I am developing an MP3 & ACELP decoder for the M0+ so a LOT of CLZ instructions will be carried out. I found this unusual approach on just 1 site. Currently I am testing to find which byte of the 32 bits the leading zero is in and then using a table. The ARM v6 allows PC-relative addressing but I need to put it in-line. To that end, the core has a zero-page like the old 8-bit days. An immediate 8-bit value so I can shave off a cycle but I really don’t want to waste this as the cycle-saver because multiple other, smaller tables are more efficient.

function mssb30(x)

{

var C = b(’00 100000 100000 100000 100000 100000′);

// Check whether the high bit of each block is set.

var y1 = x & C;

// Check whether the lower bits of each block is set.

var y2 = ~(C – (x & ~C)) & C;

var y = y1 | y2;

// Shift the result bits down to the lowest 5 bits.
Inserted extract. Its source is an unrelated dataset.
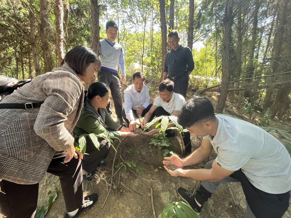 参观林下套种基地以及苗圃育种大棚,并给予技术指导
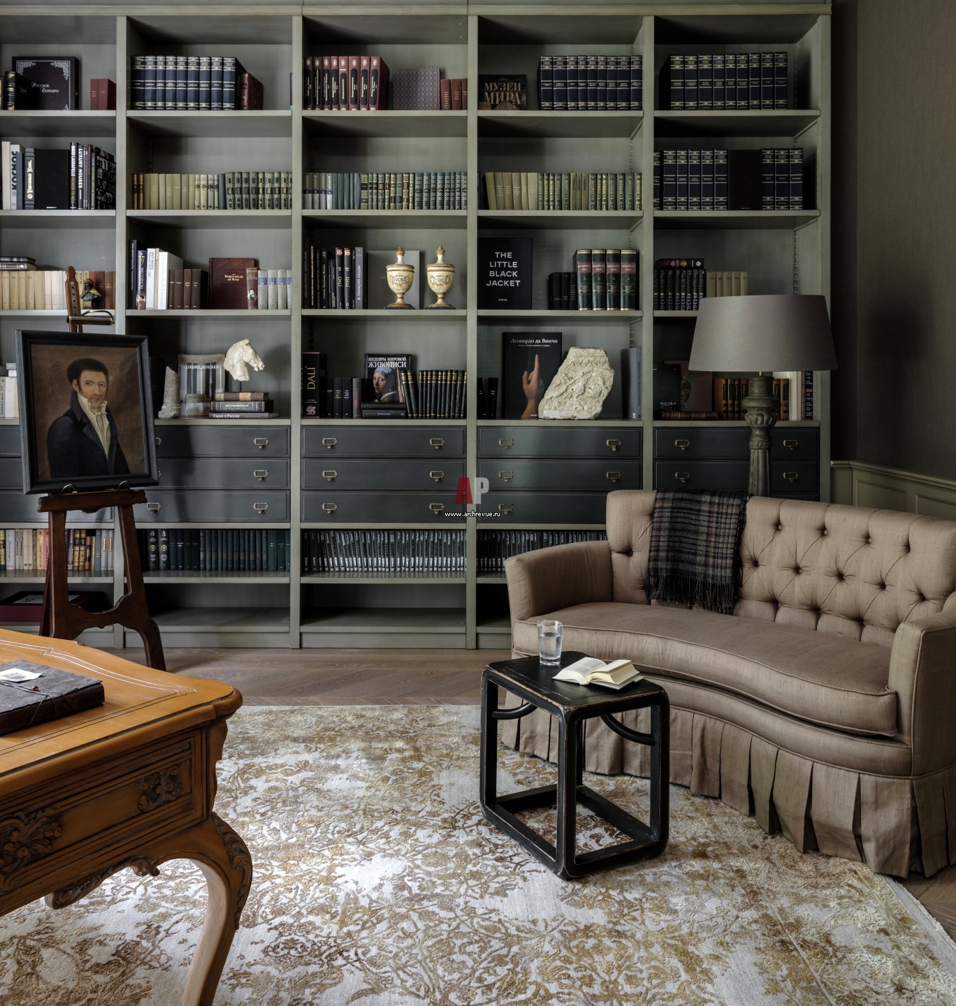 Кабинет находится на одной оси с парадной столовой. Стены в нем выкрашены в сложный коричневый оттенок. Конструкция открытой библиотеки тонирована в серый цвет. Диван, Maison Santamaria.

var z = ((y >>> 5) * b(‘0000 10000 10000 10000 10000 10000000’)) >>> 27;

// Compute the bit index of the most significant set block.

var b1 = 6 * mssb5(z);

// Compute the most significant set bit inside the most significant

// set block.

var b2 = mssb6((x >>> b1) & b(‘111111’));

return b1 + b2;

}

function mssb32(x)

{

// Check the high duplet and fall back to mssb30 if it’s not set.

var h = x >>> 30;

return h ? (30 + mssb5(h)) : mssb30(x);

}

As you can see, no tables. Now the CPU I’m using can conveniently place a few constants on it’s zero-page but constantly rewriting to accommodate the evolving optimizations is a pain so I’m going to give it a try. The 80×86 has a relatively low number of registers but is very optimized for speculative execution so in that case it may be faster if it IS a subroutine.

For me, an extra 6 cycles for a 14 cycle routine (call & return) isn’t so useful. Other cores will likely fall in between the two. On more powerful ARM cores, it is ideal for placing in the TCM (Tightly Coupled Memory).